Diagnosis often requires a number of tests and the standard of care is constantly evolving. That’s why it’s important to have a health care team—a team of experts—in your corner when you’re facing pancreatic cancer.
“The best pancreatic cancer professionals don’t work in a vacuum,” explains Dr. Allyson Ocean, a medical oncologist at Weill Cornell Medicine in New York. “Instead, pancreatic cancer care requires a group of professionals who specialize in different areas.”
A Multidisciplinary Team of Experts
Pancreatic cancer care professionals extend beyond medical doctors. They include health care professionals ranging from genetic counselors and registered dietitians to pain specialists and social workers.
Together, this group diagnoses the disease, determines the extent of the cancer, and identifies the best treatment options for each individual patient. They also help pancreatic cancer patients navigate the emotional and physical toll of cancer and its treatments. Here are the key players:
Gastroenterologists: The gastroenterologist may be the doctor who makes the initial diagnosis. This doctor orders the tests and scans needed and can perform such procedures as a celiac block or putting in a stent.
Oncologists: Medical oncologists are charged with overseeing patients’ entire treatment journey from diagnosis on. These skilled physicians use a variety of medical therapies to improve patient outcomes, including chemotherapy, immunotherapy, and targeted therapies, as well as supportive care medications.
Surgical Oncologists: If your tumor can be surgically removed, your team will include a surgical oncologist. This physician is an experienced hand in the complex Whipple procedure and distal pancreatectomy, the most common techniques for surgical removal of pancreatic cancer.
Radiation Oncologists: Pancreatic cancer treatment may include radiation treatment, performed by radiation oncologists. There are different types of radiation treatments, including conventional radiation and stereotactic body radiation therapy, known as SBRT.

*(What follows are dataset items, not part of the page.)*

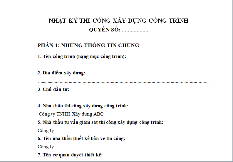 Mẫu nhật ký thi công
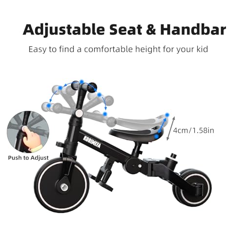 【Einstellbare Griff, Sitz und Pedale】KORIMEFA Dreirad verfügt über einen 0°-90°-180° einstellbaren Lenkerwinkel durch die Drucktasten, um die optimale Fahrposition zu erreichen. Der Sitz ist alias höhenverstellbar bis zu 4 cm. Die verstellbare Sitzhöhe ist für Kinder im Bursche von 1-4 Jahren und bis zu einer Körpergröße von 130 cm ausgelegt. Wenn Ihr Derivat demzufolge erwachsen wird, kann es Ihr Baby noch lange begleiten. Drei Positionen zum Anbringen von Pedalen bei der Ebenbild verschiedener Fahrtmodi, sowie vorne am Rahmen, am Vorderrad und unter dem Sitz, einfache Aufbewahrung.
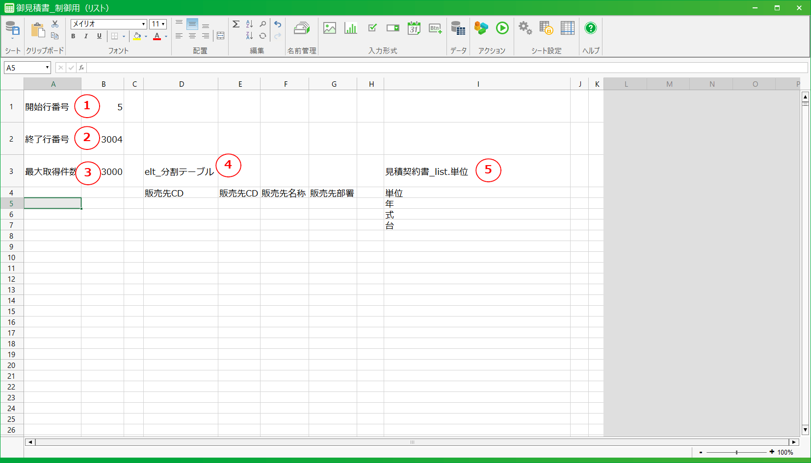 [1] 開始行番号マスタデータの表示開始行を制御する領域です。テーブルカスタマイズで分割したテーブルがある場合に使用されます。[2] 終了行番号マスタデータの表示終了行を制御する領域です。テーブルカスタマイズで分割したテーブルがある場合に使用されます。[3] 最大取得件数マスタデータの最大取得件数を制御する領域です。テーブルカスタマイズで分割したテーブルがある場合に使用されます。[4] マスタデータ表示領域マスタデータを表示する領域です。テーブルカスタマイズで分割したテーブルがある場合に設定されます。分割していない場合、この領域は存在しません。[5] リスト式領域リスト式のデータ領域です。アプリ作成時に入力項目をリスト形式に設定した場合に値が設定されます。リスト形式の設定がない場合、この領域は存在しません。アクションセット
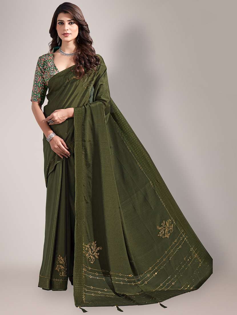 Vogue and trend could be at the peak of your magnificence the moment you attire this dark green (mehendi) colored saree. This saree is made of moss chiffon fabric which is highlighted with beautiful swarovski embroidered work as shown. This saree is comfortable to wear and care all day long. Paired with unstitched satin fabric blouse piece which can be stitched as per your choice and requirement. You can wear this saree for parties, functions, occasions and other homely events. Pair it with traditionally stylish accessories to complete the look. Note:- The actual product may differ slightly in color and design from the one illustrated in the images.
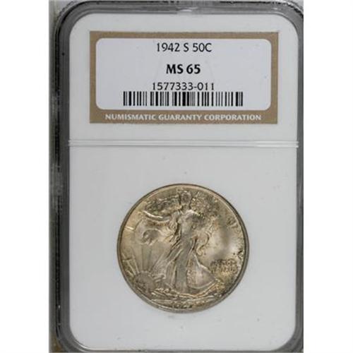 <B>1942-S 50C MS65 NGC.</B></I> NGC Census: (952/157). PCGS Population (1935/297). Mintage: 12,708,000. Numismedia Wsl. Price for NGC/PCGS coin in MS65: $464. (#6617)<BR><BR><B>Coin Engraver:</B> Adolph A. Weinman<BR><BR><b>Shipping:</b> Coins & Currency (<a target="_blank" href="http://www.heritageauctions.com/common/shipping.php">view shipping information</a>)
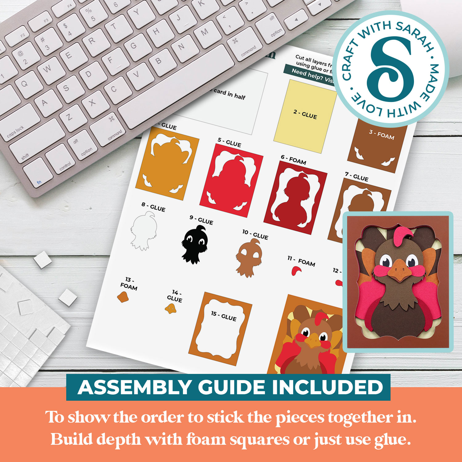 This greetings card comes with an assembly guide that shows the order to stick the pieces together in.
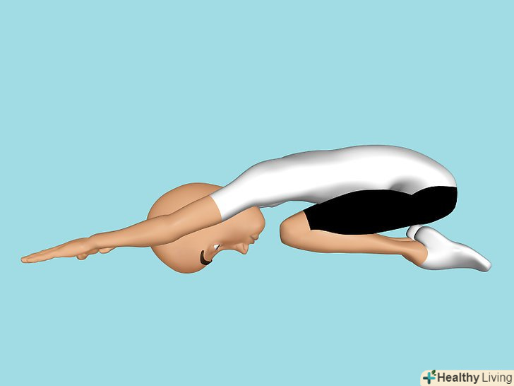 Сядьте сідницями на свої п'яти. спробуйте торкнутися носом своїх колін. Витягніть свої руки вперед, відчуваючи розтяжку м'язів спини.- Дуже важливо розслабитися при розтяжці. Деякі майстри йоги кажуть, що розтяжка знаходиться у вашій голові, - звідки виходить голос про те, що ви не можете нічого зробити. Так що спробуйте розслабитися, тим самим приглушивши цей настирливий внутрішній голос.
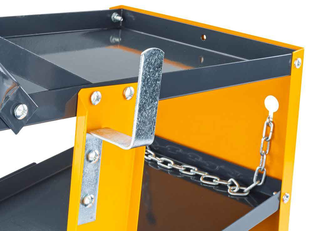 Robustná oceľová konštrukcia zaisťuje odolnosť a stabilitu, čo je nevyhnutné v náročných dielenských podmienkach. Vozík je odolný voči mechanickému poškodeniu a vplyvom prostredia.

Radiologists: Radiologists review imaging tests, analyze the results, and determine the extent (or stage) of disease.
Pathologists: Pathologists typically work behind the scenes. You may never even meet your pathologist during your cancer journey. These physicians are highly skilled in looking at cells, tissues, and organs to diagnose disease. They determine the results of your tests and work directly with your oncologists.
Genetic Counselors: Genetic counselors can help decode specific mutations in your genetic information and help you understand your own cancer risk, as well as your family members’. Genetic testing can guide cancer treatment planning and is now standard of care for pancreatic cancer patients. The results can help doctors diagnose the type and stage of cancer and inform treatment decisions.
Registered Dietitians: Registered dietitians are a critical part of the health care team for pancreatic cancer patients. If you have pancreatic cancer, you may suffer from a poor appetite, due to the disease and the treatment, and can lose weight. To make matters more complicated, if your pancreas doesn’t make enough enzymes to break down food, it’s tough to absorb sufficient nutrients, especially fat-soluble vitamins A, D, E, and K. A registered dietitian may recommend pancreatic enzymes to patients who are struggling with digestive issues and also provide strategies to help patients meet their nutrient requirements.
Social Workers: Social workers can be an invaluable resource for pancreatic cancer patients. These professionals are not only equipped to counsel you and your family members about your disease, but they can also provide resources regarding treatment, support groups, transportation, housing assistance, and home care.
Palliative Care Physicians: Palliative care focuses on relieving pain and enhancing comfort for patients who are suffering from serious illness. In concert with members of the oncology team, palliative care professionals help prevent and treat the symptoms and side effects that come with cancer and its treatment.
Nurse Navigators: True to the name, nurse navigators help guide patients through the health care system. In addition to answering patients’ questions about treatments, side effects, and supportive care services, nurse navigators may coordinate care with specialists and offer practical assistance with financial support, childcare, and transportation.
The Patient’s Role
The person undergoing treatment and experiencing side effects is the most important player in cancer care. Only the patient knows how hard and how long to fight, which treatments are most palatable, and when it’s time to try a new game plan. As a patient, you are your best advocate: it’s important that you ask questions about who will be providing your care and which treatments you’ll be receiving. Your health care team is there for you.
“Sharing your thoughts, feelings, and concerns with your health care team can improve outcomes,” says Ocean. “It can also ensure you get the support you need while you battle the disease.”